Exercise data:
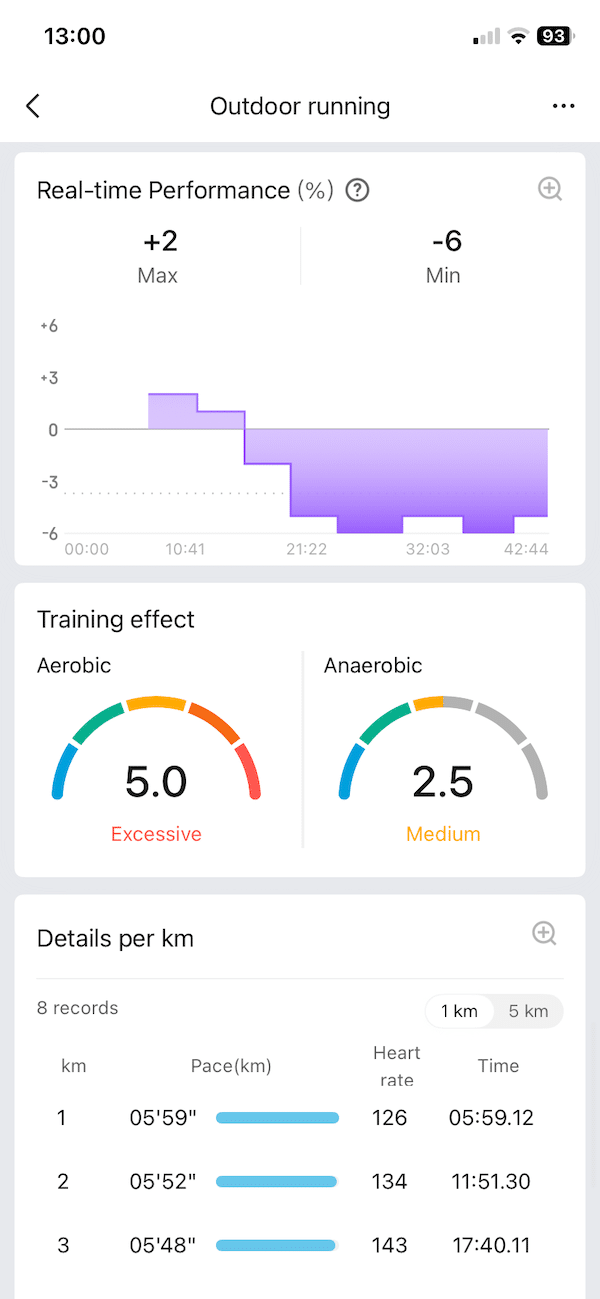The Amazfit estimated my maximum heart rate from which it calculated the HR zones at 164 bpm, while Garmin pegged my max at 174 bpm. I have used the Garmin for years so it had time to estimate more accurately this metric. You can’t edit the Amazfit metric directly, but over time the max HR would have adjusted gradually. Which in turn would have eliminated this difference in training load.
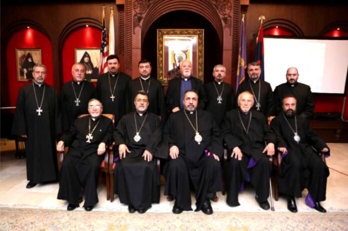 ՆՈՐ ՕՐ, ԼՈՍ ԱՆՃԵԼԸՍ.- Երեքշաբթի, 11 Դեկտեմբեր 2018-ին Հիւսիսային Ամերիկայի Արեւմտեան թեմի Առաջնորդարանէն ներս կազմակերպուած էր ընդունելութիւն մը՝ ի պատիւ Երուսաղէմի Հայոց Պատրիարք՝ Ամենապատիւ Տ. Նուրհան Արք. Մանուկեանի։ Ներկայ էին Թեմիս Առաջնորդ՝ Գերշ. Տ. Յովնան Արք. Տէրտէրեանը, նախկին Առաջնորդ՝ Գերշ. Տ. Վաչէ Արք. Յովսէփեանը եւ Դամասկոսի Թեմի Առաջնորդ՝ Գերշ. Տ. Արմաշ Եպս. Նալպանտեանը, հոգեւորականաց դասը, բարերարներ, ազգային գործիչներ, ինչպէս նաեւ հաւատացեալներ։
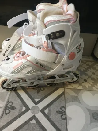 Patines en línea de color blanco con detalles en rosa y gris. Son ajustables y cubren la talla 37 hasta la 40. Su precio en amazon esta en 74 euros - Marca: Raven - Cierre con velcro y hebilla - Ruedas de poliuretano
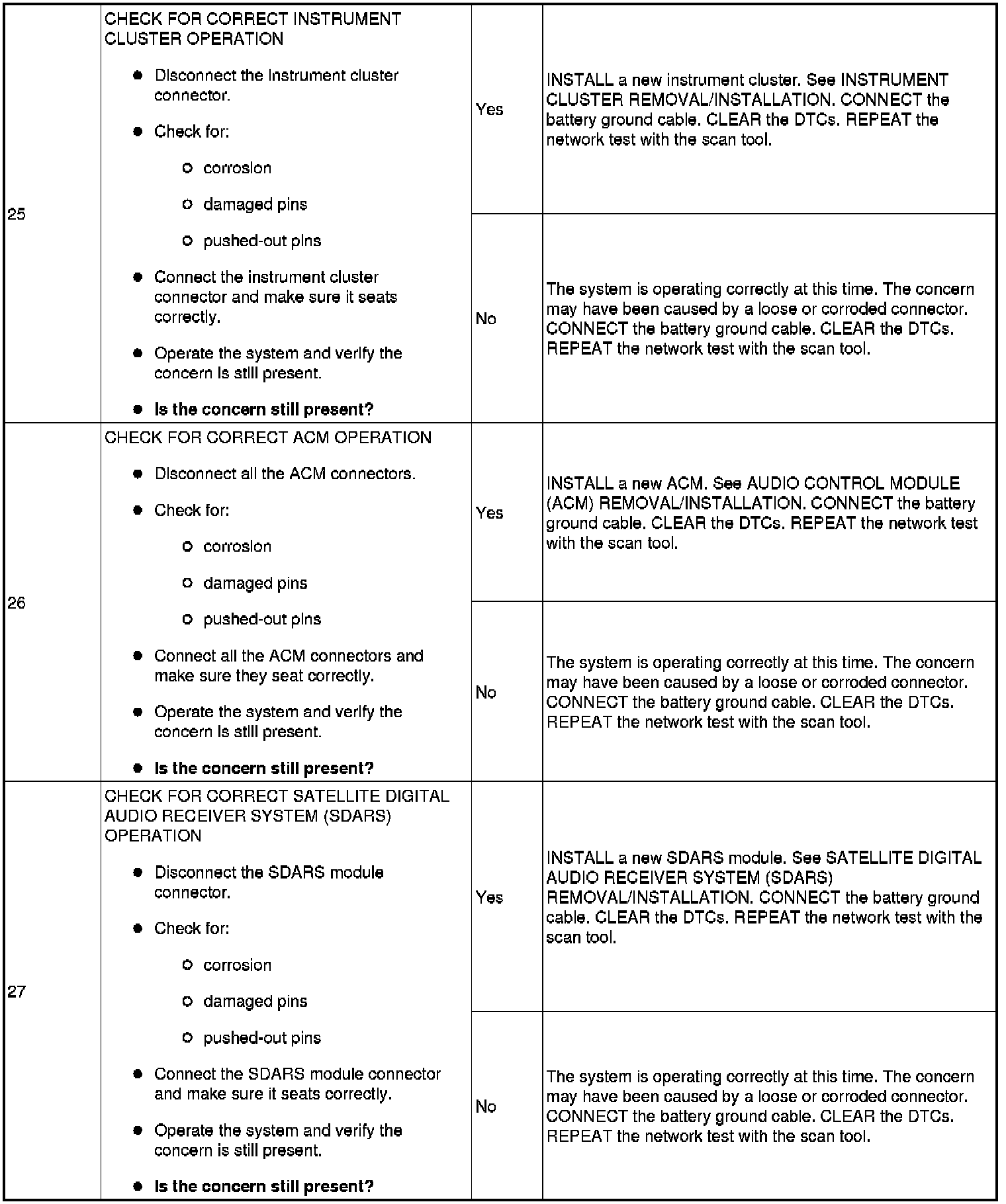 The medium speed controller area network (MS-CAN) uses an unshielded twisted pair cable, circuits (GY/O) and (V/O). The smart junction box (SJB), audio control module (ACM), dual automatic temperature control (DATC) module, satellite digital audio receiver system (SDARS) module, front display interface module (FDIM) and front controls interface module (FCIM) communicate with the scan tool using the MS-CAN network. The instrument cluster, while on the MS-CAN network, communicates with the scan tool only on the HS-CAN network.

Exercise description:
An exact copy of the listing is needed, minus its pictures.

Final answer:
The Amazfit estimated my maximum heart rate from which it calculated the HR zones at 164 bpm, while Garmin pegged my max at 174 bpm. I have used the Garmin for years so it had time to estimate more accurately this metric. You can’t edit the Amazfit metric directly, but over time the max HR would have adjusted gradually. Which in turn would have eliminated this difference in training load.
 ՆՈՐ ՕՐ, ԼՈՍ ԱՆՃԵԼԸՍ.- Երեքշաբթի, 11 Դեկտեմբեր 2018-ին Հիւսիսային Ամերիկայի Արեւմտեան թեմի Առաջնորդարանէն ներս կազմակերպուած էր ընդունելութիւն մը՝ ի պատիւ Երուսաղէմի Հայոց Պատրիարք՝ Ամենապատիւ Տ. Նուրհան Արք. Մանուկեանի։ Ներկայ էին Թեմիս Առաջնորդ՝ Գերշ. Տ. Յովնան Արք. Տէրտէրեանը, նախկին Առաջնորդ՝ Գերշ. Տ. Վաչէ Արք. Յովսէփեանը եւ Դամասկոսի Թեմի Առաջնորդ՝ Գերշ. Տ. Արմաշ Եպս. Նալպանտեանը, հոգեւորականաց դասը, բարերարներ, ազգային գործիչներ, ինչպէս նաեւ հաւատացեալներ։
 Patines en línea de color blanco con detalles en rosa y gris. Son ajustables y cubren la talla 37 hasta la 40. Su precio en amazon esta en 74 euros - Marca: Raven - Cierre con velcro y hebilla - Ruedas de poliuretano
 The medium speed controller area network (MS-CAN) uses an unshielded twisted pair cable, circuits (GY/O) and (V/O). The smart junction box (SJB), audio control module (ACM), dual automatic temperature control (DATC) module, satellite digital audio receiver system (SDARS) module, front display interface module (FDIM) and front controls interface module (FCIM) communicate with the scan tool using the MS-CAN network. The instrument cluster, while on the MS-CAN network, communicates with the scan tool only on the HS-CAN network.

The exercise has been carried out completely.